Apesar da sua evidente degradação geral, o edifício existente (Foto 1) confi­gurava uma casa típica dos finais de oitocentos, com sua janela de gui­lhotina, beirado duplo e uma característica "trapeira" ou água-furtada, que na simplicidade das suas características formais contribuía para a identidade daquela zona. Na terminologia adoptada pelo plano estava classificada como edifício "de acompanhamento ", categoria que se defi­ne como "... edifícios sem valor intrínseco específico, salvo o que resulta da sua contribuição ao acompanhamento de outros edifícios, constituindo assim unidades ou conjuntos que fazem o cenário urbano".
Gostaríamos de acreditar no regulamento, quando defende que..." a salvaguarda e valorização do património existente deve ser entendida como respeito pela morfologia e tipologia existentes e também peia pre­servação do carácter e dos elementos notáveis que constituem e refor­çam o valor cultural da sua imagem".
Mas neste caso a opção foi pela alteração e reconstrução, ao invés da conservação, reabilitação, ou restauro, que constituem outras varian­tes possíveis de intervenção para este tipo de edifícios.
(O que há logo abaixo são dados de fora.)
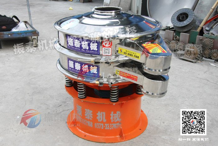 硅藻土振動(dòng)篩利用YZUL立式振動(dòng)電機(jī)作為激振源,通過振動(dòng)電機(jī)上下兩端的偏心重錘將旋轉(zhuǎn)運(yùn)動(dòng)轉(zhuǎn)變?yōu)樗健⒋怪?、傾斜的三次元運(yùn)動(dòng),并傳遞到旋振篩的篩面上;物料通過入料口進(jìn)入設(shè)備內(nèi),根據(jù)不同物料篩分要求,物料經(jīng)過1-5層采用不同目數(shù)的金屬編織篩網(wǎng)的篩分層,在這個(gè)過程中,位于各層的篩網(wǎng)下的清網(wǎng)裝置(彈跳球)通過頻率振動(dòng)不斷撞擊篩網(wǎng),使篩網(wǎng)上層物料能夠順暢的透網(wǎng)篩分,并有效解決了物料堵網(wǎng)問題出現(xiàn),不同目數(shù)的物料通過各層對(duì)應(yīng)目數(shù)的篩網(wǎng)后在各層的出料口排出,最終實(shí)現(xiàn)篩選除雜或過濾分級(jí)的目的。調(diào)節(jié)上、下兩端的相位角,可以改變物料在篩面上的運(yùn)動(dòng)軌跡。

O que resultou é esta imagem híbrida ( Foto 2) onde consta­tamos uma profunda alteração dos elementos arquitectónicos, com au­mento de cércea, modificação da água-furtada existente, culminando com a invenção daquelas "chaminés algarvias"!
Mais grave ainda é sabermos que a maioria dos edifícios do Centro Histórico possui esta categoria, o que quer dizer que cerca de 240 ca­sas podem ter um destino semelhante a este, sempre cumprindo o plano, se tal for o entendimento dos técnicos que aprovam os projectos.
Surge, pois, um problema: a breve trecho ficaremos apenas com o "Centro" mas veremos desaparecer o "Histórico".
Já temos o Torres ao Centro; parece vir aí o 'TORRES A BAIXO"!
J. P. Sobreiro

02 novembro 2010

PLANO DE PORMENOR DO CHOUPAL E ÁREAS ENVOLVENTES


Choupal - Torres Vedras (Fotos Méon, LUGAR ONDE)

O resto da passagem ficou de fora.